Relationship of arsenobetaine with total arsenic and total arsenic minus arsenobetaine (AB) and arsenocholine (AC) in NHANES 2003-2004. Arsenocholine was subtracted only in 13 individuals with detectable levels. Lines represent dose-response relationships based on restricted quadratic spline models. The Pearson's correlation coefficients were estimated on log-transformed arsenic levels. Statistical analyses were weighted using specific sample weights for arsenic analysis in NHANES 2003-2004.

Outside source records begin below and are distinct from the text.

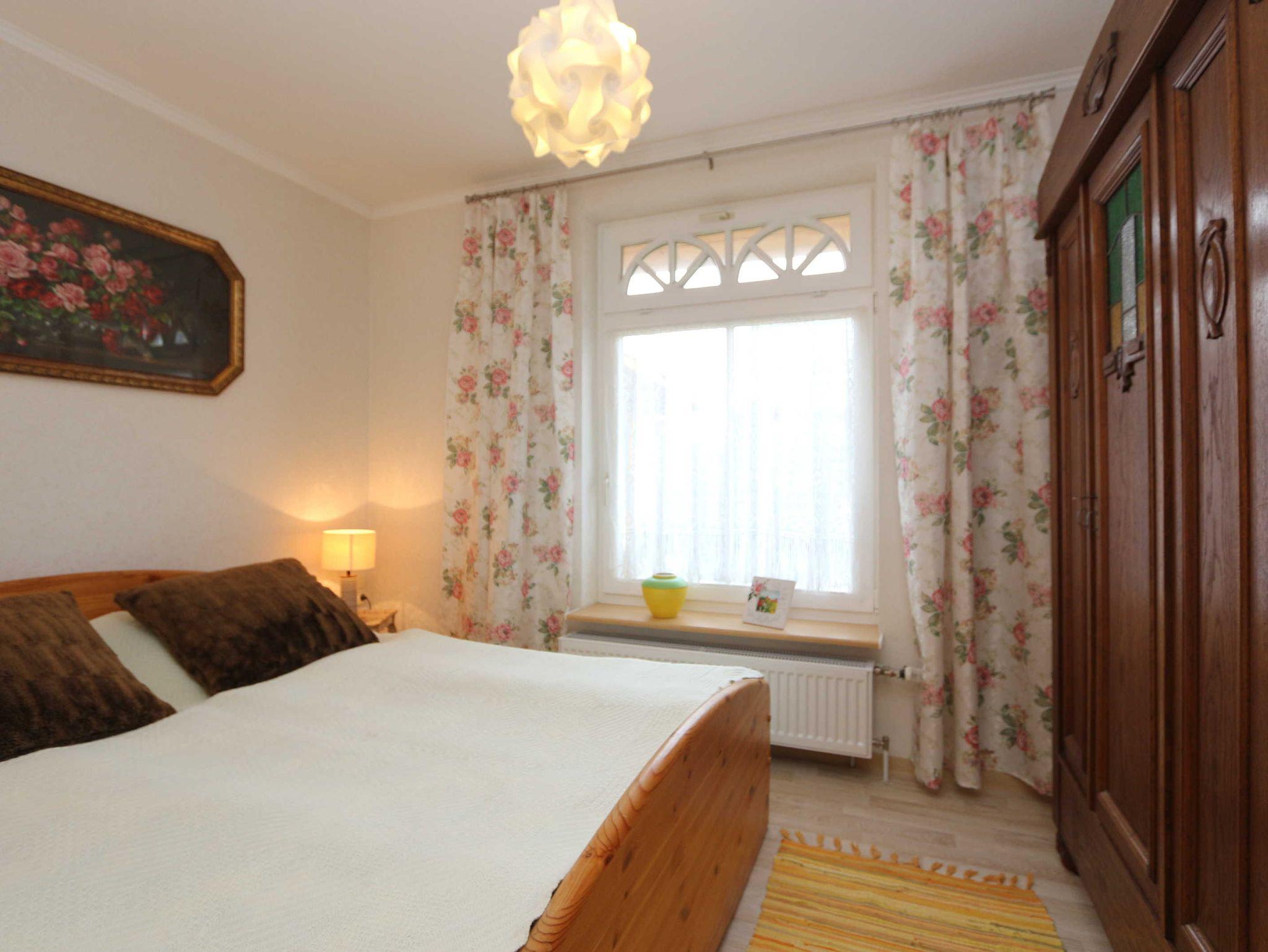 • Das Schlafzimmer verfügt über ein Doppelbett (1,80 x 2,00m) und einen großen Kleiderschrank.
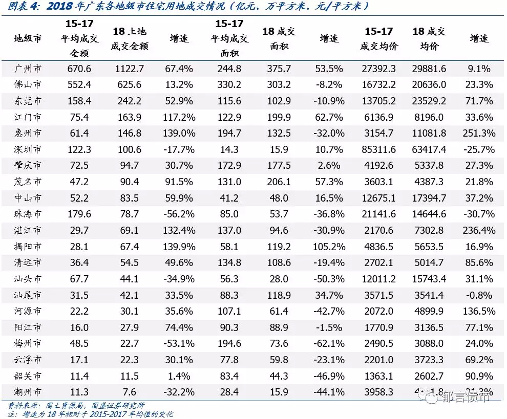惠州、湛江住宅土地成交金额及成交均价增长较快
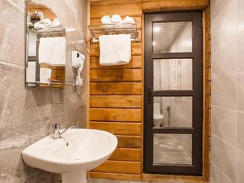 Рядом лес, чистый горный воздух, огромная терраса, территория около отеля. Но главное люди, гостеприимные, добрые, отзывчивые. Спасибо большое!
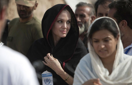Actress Angelina Jolie wears a headscarf as she arrives at the Jalozai flood victim relief camp.
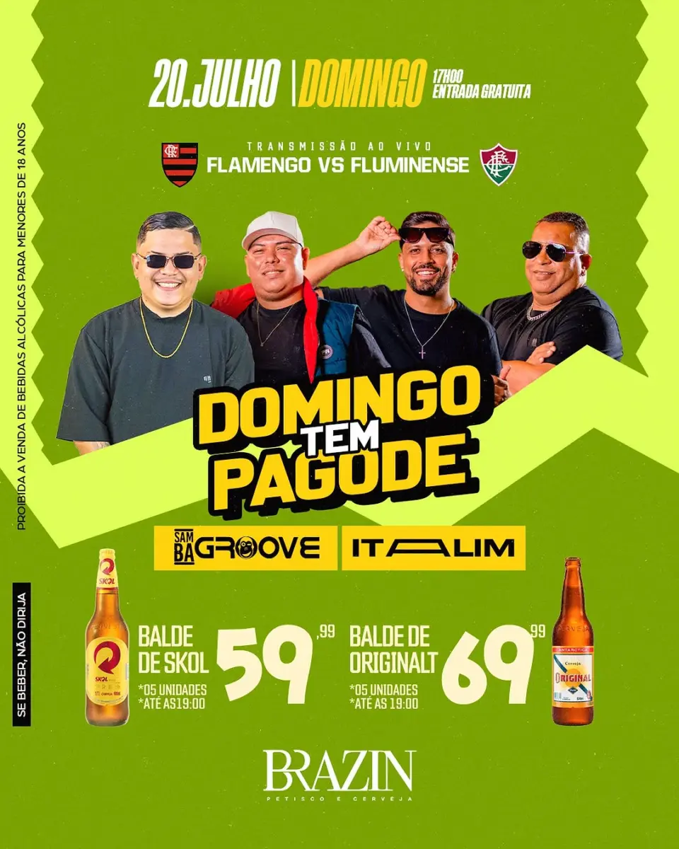 Achou que tá pouco? Essa semana o domingão vem com bastante opção, começando pelo Brazin que vem com aquele pagodinho e a transmissão do Fla Flu pelo campeonato Brasileiro neste final de semana!
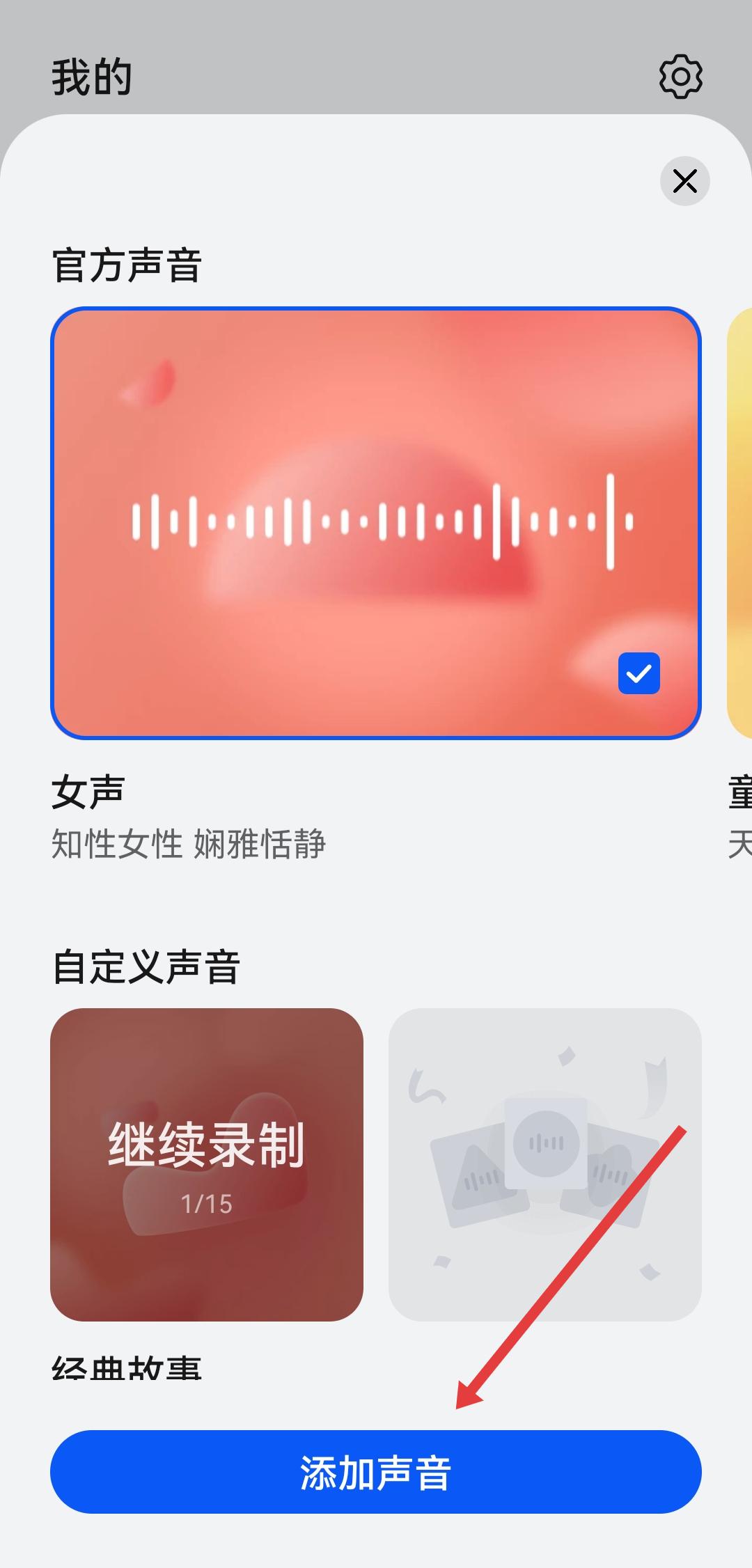 2、在聲音設置界面,點擊添加聲音的按鈕,進入自定義聲音創(chuàng)建的流程。
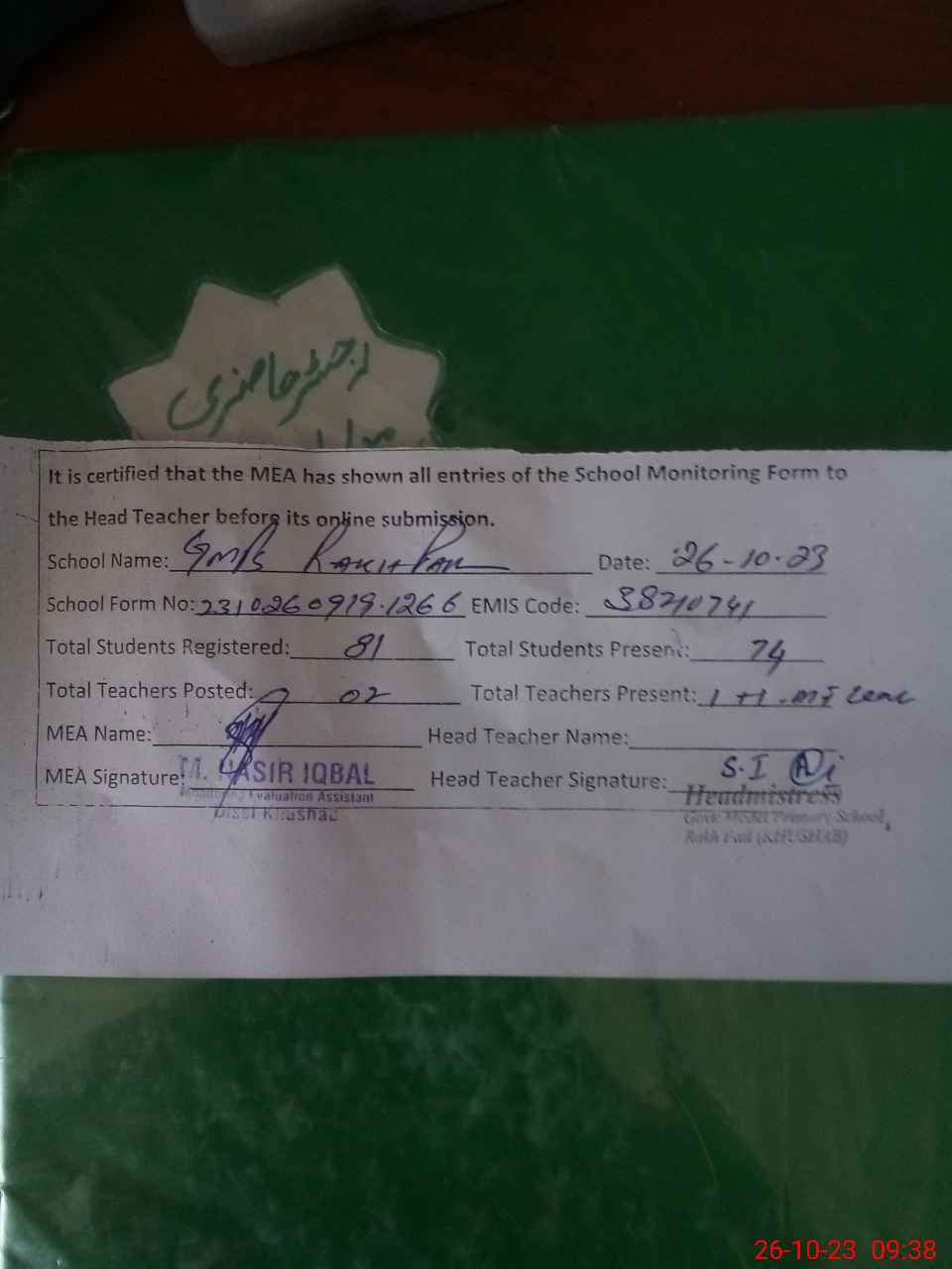 | Attendance Register | Head Teacher | MEA with School | Visit Proof |

Given the longstanding experience of Steinmaus et al. in investigating the health effects of arsenic, it is difficult to understand why the authors used total urine arsenic minus arsenobetaine and arsenocholine as an “estimate of inorganic arsenic exposure” without controlling for seafood intake in their main analyses and conclusions. Indeed, when controlling for seafood intake, Steinmaus et al. reported findings consistent with out 2008 paper.2 (Table 3 of their manuscript).

Updated Analysis in NHANES 2003-2006

Since the publication of our study using NHANES 2003-2004 data,2 new urine arsenic data has become available for NHANES 2005-2006. Sampling and laboratory methods (including limits of detection for arsenic species) are consistent with NHANES 2003-2004, so that 4 years of data can be combined to evaluate the association between arsenic exposure and the prevalence of type 2 diabetes in US adults. Using NHANES 2003-2006, we have thus updated our original analysis, adding total arsenic minus arsenobetaine and arsenocholine as an exposure variable. The exclusion criteria and endpoint definition were similar to those in our original paper,2 except for participants missing glycosylated hemoglobin (an endpoint not used here). A total of 1279 participants (160 with diabetes) aged 20 years or older were included. Statistical analyses were performed as described previously, taking into account the complex NHANES sampling design and specific weights for arsenic analyses, as recommended by the National Center for Health Statistics.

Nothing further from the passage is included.